Some have more effective regulatory mechanisms, better enforcement, and better monitoring, which lead to better performing empanelled hospitals. Some are hampered by uneven implementation, delayed payments by state health agencies, and weak oversight.

5. What a “Top Hospital” Under Ayushman Looks Like: Exemplary Features

Let’s think of an ideal model hospital under Ayushman Bharat:

NABH-accredited or equivalent quality certification

Multi-specialty center (cardiology, neurology, oncology, etc.)

Zero out-of-pocket expenditures for beneficiaries (strict cashless)

Transparency of care pathway: patients know about services included

Effective grievance handling with speedy redressal

Good performance indicators (low readmission, low mortality, high patient satisfaction)

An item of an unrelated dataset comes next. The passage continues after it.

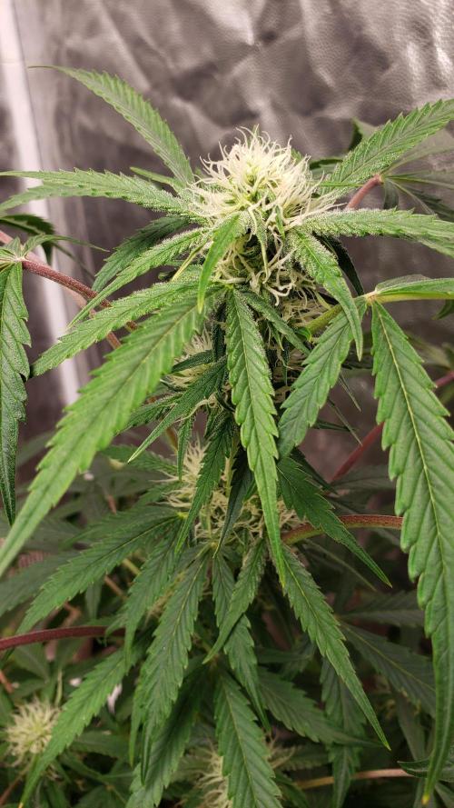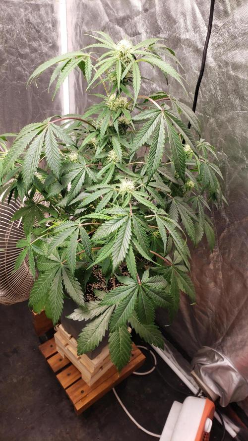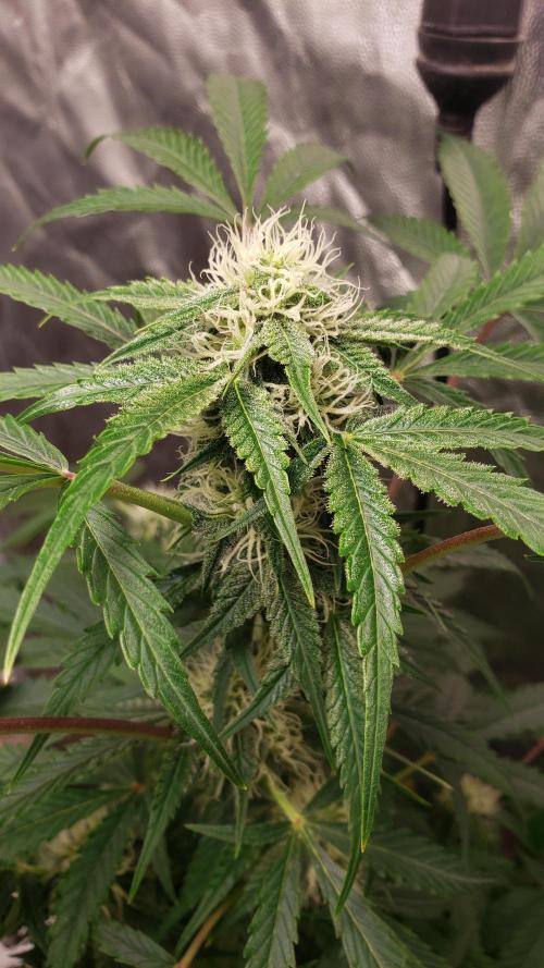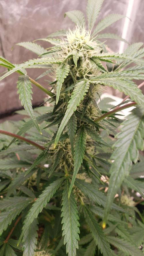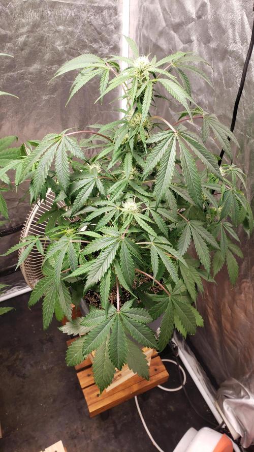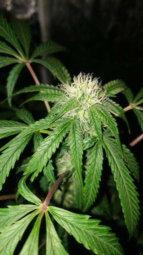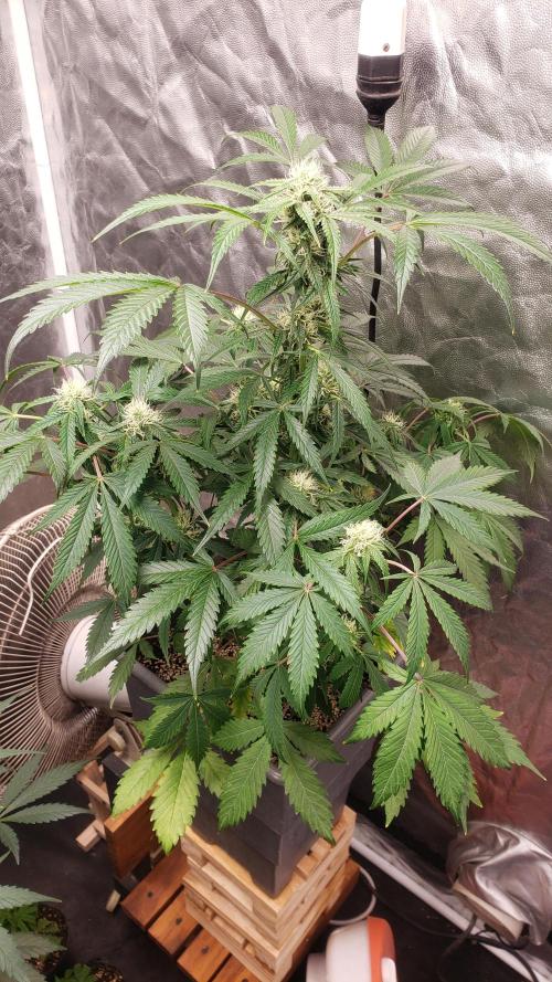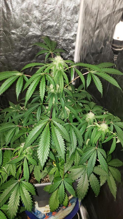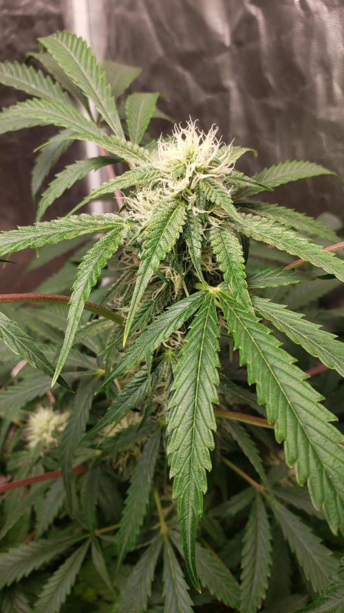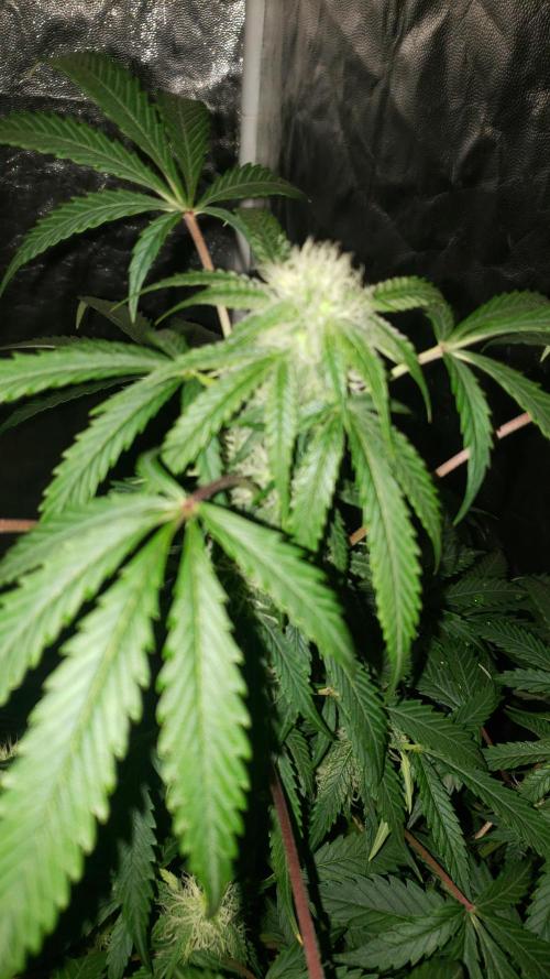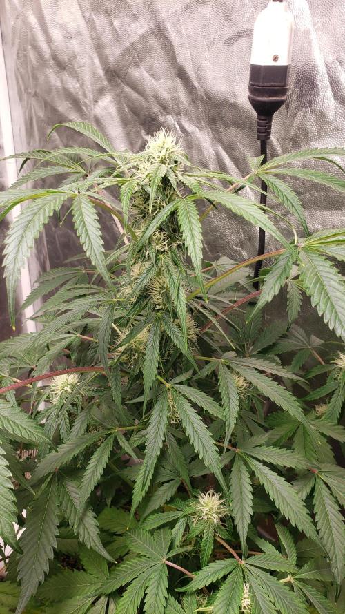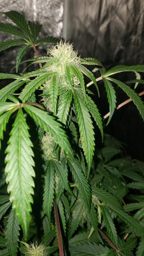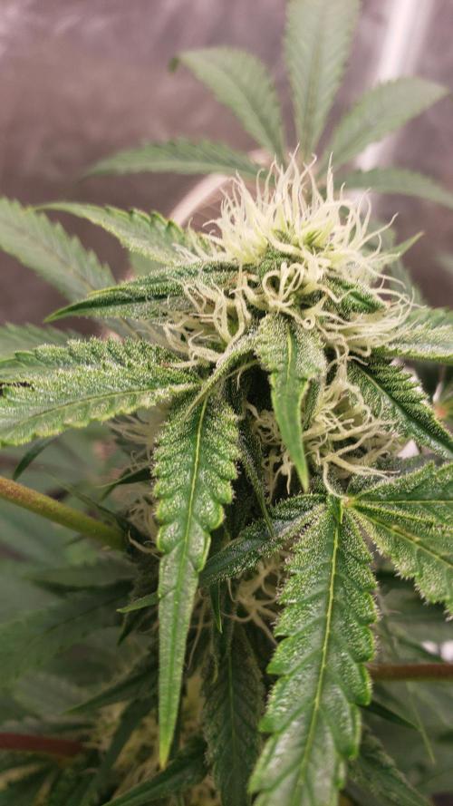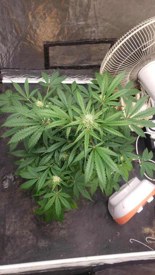 La planta se la ve bien, aunque nose si le faltara más agua pero he notado todos los días las hojas como caídas, pero bueno, los cogollos se van formando pero aun sin tanto olor.

Regular audits by scheme authority

Reasonable cost containment even for complicated treatments

Hospitals nearing this ideal achieve high value from the service and help to maintain confidence in the scheme.

6. Roadmap: How to Improve Service Value Across the Network

To enhance baseline quality and make “top hospitals” more than a nameplate, the following are crucial strategies:

Stringent empanelment requirements
Enforce minimum bed capacity, specialty services, accreditation, and performance norms before empanelment.

Continued monitoring & audit
Use data analytics to raise red flags on suspicious claims, carry out field audits, and suspend hospitals that flout norms.

Transparent benchmarking
Publish performance data (mortality, readmission, grievance rates) so that beneficiaries and policymakers can compare.

Feedback loops & grievance redress
Strengthen real-time grievance mechanisms, provide responsive follow-up, and impose penalties for non-compliance.

Level reimbursement rates equitably
Re-evaluate package rates from time to time so that they align with current costs and promote quality.

Capacity building
Provide training, infrastructure facilities, and technology support to weaker hospitals to enable them to upgrade.

Public awareness & empowerment
Educate the beneficiaries on their entitlements under Ayushman (e.g. what is free, when to refuse additional demands).

State-level leadership & accountability
Stronger state health departments, timely payments, and regulation are necessary to avert services breakdown.

7. Conclusion

The success of Ayushman Bharat depends not just on extensive coverage but on value delivery in each hospital experience. A “top hospital” for this program is one that has good clinical outcomes paired with accessibility, transparency, and financial protection.